7. change in accounting principles
Effective January 1, 2002, Bunge adopted SFAS No. 142. SFAS No. 142 supersedes APB Opinion No. 17, Intangible Assets, and changes the accounting for goodwill and other intangible assets with indefinite lives acquired individually or with a group of other assets, and those acquired in a business combination, by eliminating prospectively the amortization of all existing and newly acquired goodwill and other intangible assets with indefinite lives. SFAS No. 142 requires goodwill and other intangible assets to be tested at least annually for impairment. Separable other intangible assets that are not deemed to have an indefinite life will continue to be amortized over their useful lives.
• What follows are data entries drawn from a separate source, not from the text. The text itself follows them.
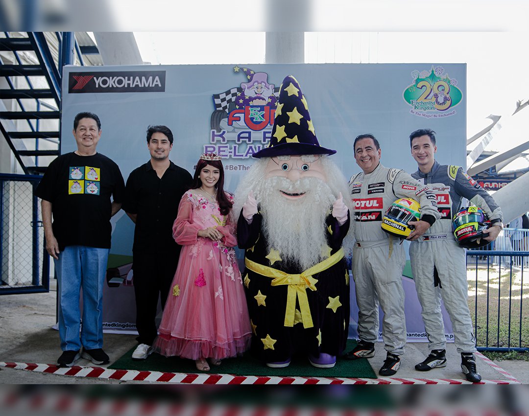 L-R: EK President and CEO Mario O. Mamon, international race car driver Marlon Stockinger, EK’s Princess Victoria and Eldar the Wizard, and father and son racing champions Carlos Anton and Iñigo Anton during the reopening ceremony of the EK Fun Kart.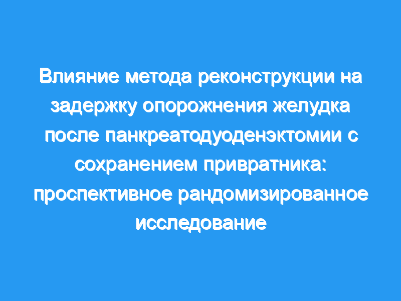 Пациенты, перенесшие PPPD в период с апреля 2007 по ноябрь 2009 года, были рандомизированы для антеколической или ретроколической реконструкции дуоденоеюностомии. Затем DGE оценивали по клиническим критериям на 10-й послеоперационный день (POD). Тест на абсорбцию парацетамола также проводили с жидкой пищей, и измеряли последовательные уровни кишечных пептидов в плазме крови.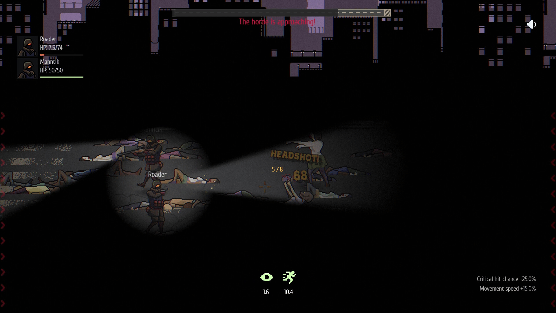 ZEROAD is an endless pixel-art roguelike shooter. Fight through shifting roads and zombie hordes, growing stronger every run. Find unique weapons with modifiers, level up your character, and push further each time – solo or in two-player co-op!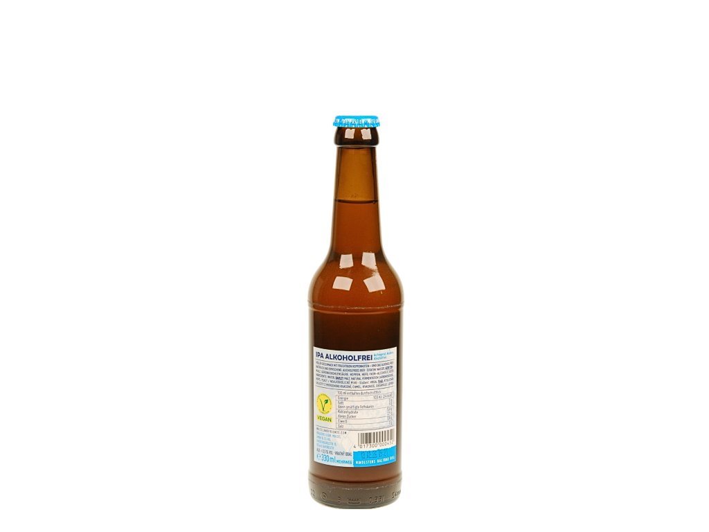 Pivo typu IPA s ovocnými a chmelovými tóny bez alkoholu. Láhev je vratná, záloha 3 Kč.

The amortization provisions of SFAS No. 142 apply immediately to goodwill and intangible assets acquired after June 30, 2001. SFAS No. 142 also requires that companies complete a transitional goodwill impairment test within six months from the date of adoption.
In accordance with the transitional guidance and the adoption of SFAS No. 142, Bunge completed a transitional impairment test computed based on a discounted cash flow and recorded a charge of $14 million, net of tax of $1 million as of January 1, 2002 for goodwill impairment losses. This impairment was related mainly to goodwill in the bakery mixes business line of its former wheat milling and bakery products segment. The goodwill impairment losses are recorded as a cumulative effect of a change in accounting principle in Bunge's consolidated statement of income for the year ended December 31, 2002. Bunge's other intangible assets were not affected by the adoption of SFAS No. 142.